Class A Ordinary Shares Subject to Possible Redemption
The Company accounts for its Class A ordinary shares subject to possible redemption in accordance with the guidance in Accounting Standards Codification (“ASC”) Topic 480. Class A ordinary shares subject to mandatory redemption is classified as a liability instrument and is measured at fair value. Conditionally redeemable ordinary shares (including ordinary shares that features redemption rights that is either within the control of the holder or subject to redemption upon the occurrence of uncertain events not solely within the Company’s control) is classified as temporary equity. At all other times, Class A ordinary shares are classified as shareholders’ equity. Our Class A ordinary shares feature certain redemption rights that are considered to be outside of the Company’s control and subject to occurrence of uncertain future events. Accordingly, at September 30, 2022, Class A ordinary shares subject to possible redemption is presented at redemption value as temporary equity, outside of the shareholders’ equity section of the Company’s balance sheet.
Net Income (Loss) per Ordinary Share
Net loss per share is computed by dividing net loss by the weighted average number of ordinary shares outstanding during the period. Ordinary shares subject to possible redemption at September 30, 2022, which are not currently redeemable and are not redeemable at fair value, have been excluded from the calculation of basic net loss per ordinary share since such shares, if redeemed, only participate in their pro rata share of the trust account earnings. The Company has not considered the effect of the warrants sold in the initial public offering and the private placement to purchase an aggregate of 6,470,000 private placement warrants in the calculation of diluted loss per share, since the exercise of the warrants is contingent upon the occurrence of future events and the inclusion of such warrants would be anti-dilutive. As a result, diluted net loss per ordinary share is the same as basic net loss per ordinary share for the periods presented.
23
Table of Contents
The Company’s statement of operations includes a presentation of net income (loss) per ordinary share subject to possible redemption and allocates the net income (loss) into the two classes of shares in calculating net earnings (loss) per ordinary share, basic and diluted. For redeemable Class A ordinary shares, net earnings (loss) per ordinary share is calculated by dividing the net loss by the weighted average number of Class A ordinary shares subject to possible redemption outstanding since original issuance. For non-redeemable Class A ordinary shares, net income per share is calculated by dividing the net income by the weighted average number of non-redeemable Class A ordinary shares outstanding for the period.

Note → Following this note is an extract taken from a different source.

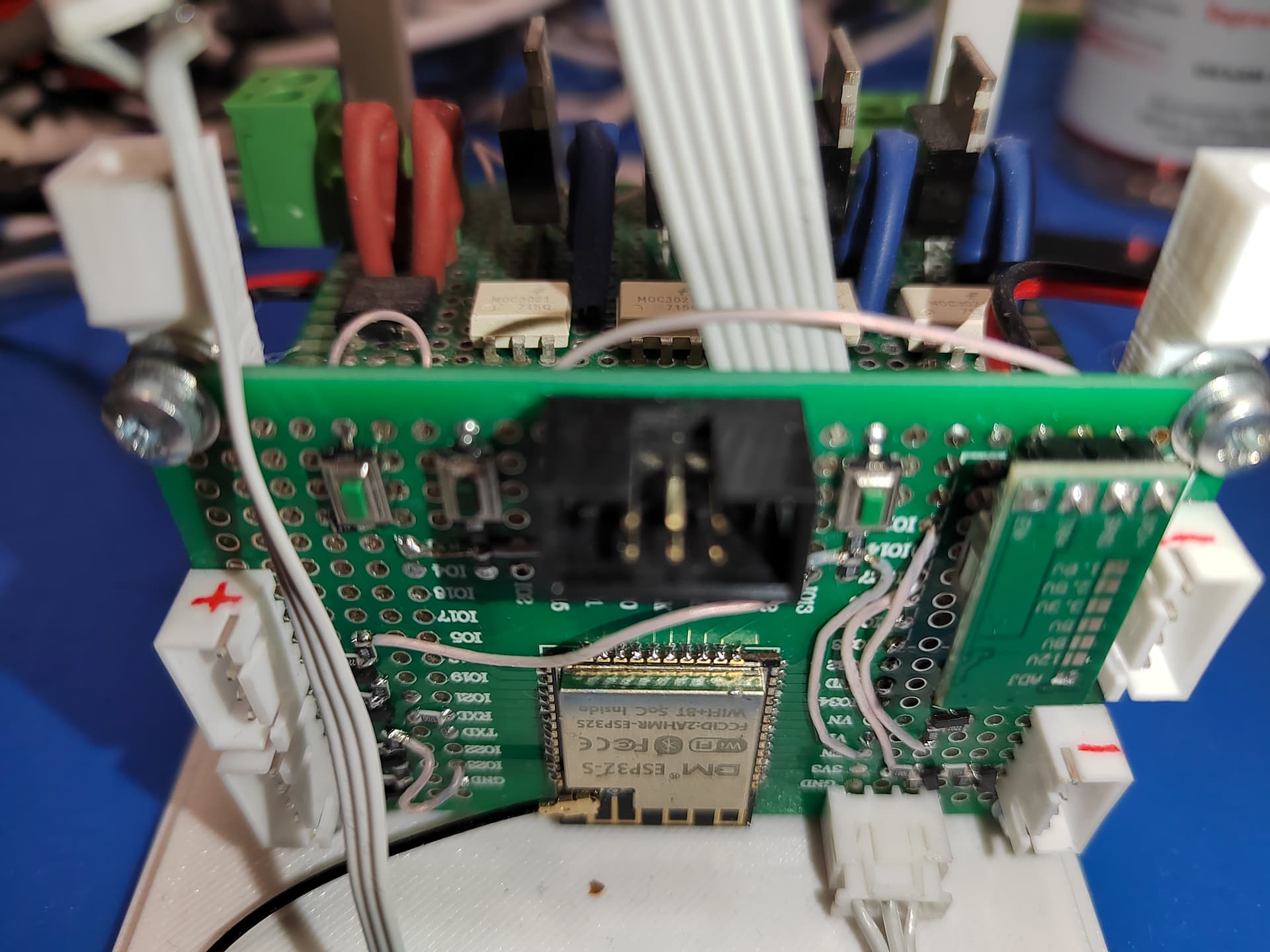 Отверстия слишком мелкие и слишком близко подходят к проводникам платы, закрутив туда М3 рискуем их замкнуть. Потому просто прижимаю платы сверху мелкими уродливыми кронштейнами.

Nonredeemable Class A ordinary shares include the representative shares issued to Maxim at the closing of the initial public offering. For non-redeemable Class B ordinary shares, net earnings (loss) per share is calculated by dividing the net loss by the weighted average number of nonredeemable Class B ordinary shares outstanding for the period. Non-redeemable Class B ordinary shares include the founder shares as these shares do not have any redemption features and do not participate in the income earned on the trust account.

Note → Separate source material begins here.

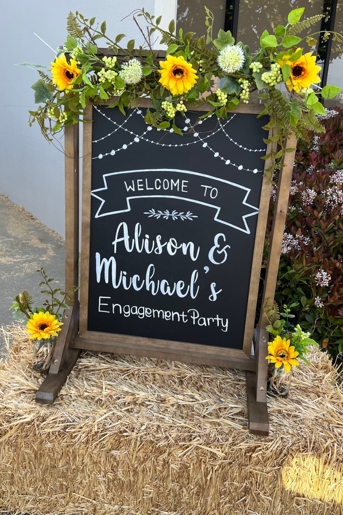 - Welcome swinging chalkboard sign XL 30x40in with calligraphy and floral arrangement = $250

Recent Accounting Standards
In August 2020, the Financial Accounting Standards Board issued ASU No. 2020-06, “Debt—Debt with Conversion and Other Options (Subtopic 470-20) and Derivatives and Hedging—Contracts in Entity’s Own Equity (Subtopic 815-40): Accounting for Convertible Instruments and Contracts in an Entity’s Own Equity” (“ASU 2020-06”), which simplifies accounting for convertible instruments by removing major separation models required under current GAAP. ASU 2020-06 removes certain settlement conditions that are required for equity contracts to qualify for the derivative scope exception, and it also simplifies the diluted earnings per share calculation in certain areas. ASU 2020-06 is effective for smaller reporting companies for fiscal years beginning after December 15, 2023 including interim periods within those fiscal years. We are currently assessing the impact, if any, that ASU 2020-06 would have on our financial position, results of operations or cash flows.
Our management does not believe that there are any other recently issued, but not yet effective, accounting standards, if currently adopted, would have a material effect on our balance sheet.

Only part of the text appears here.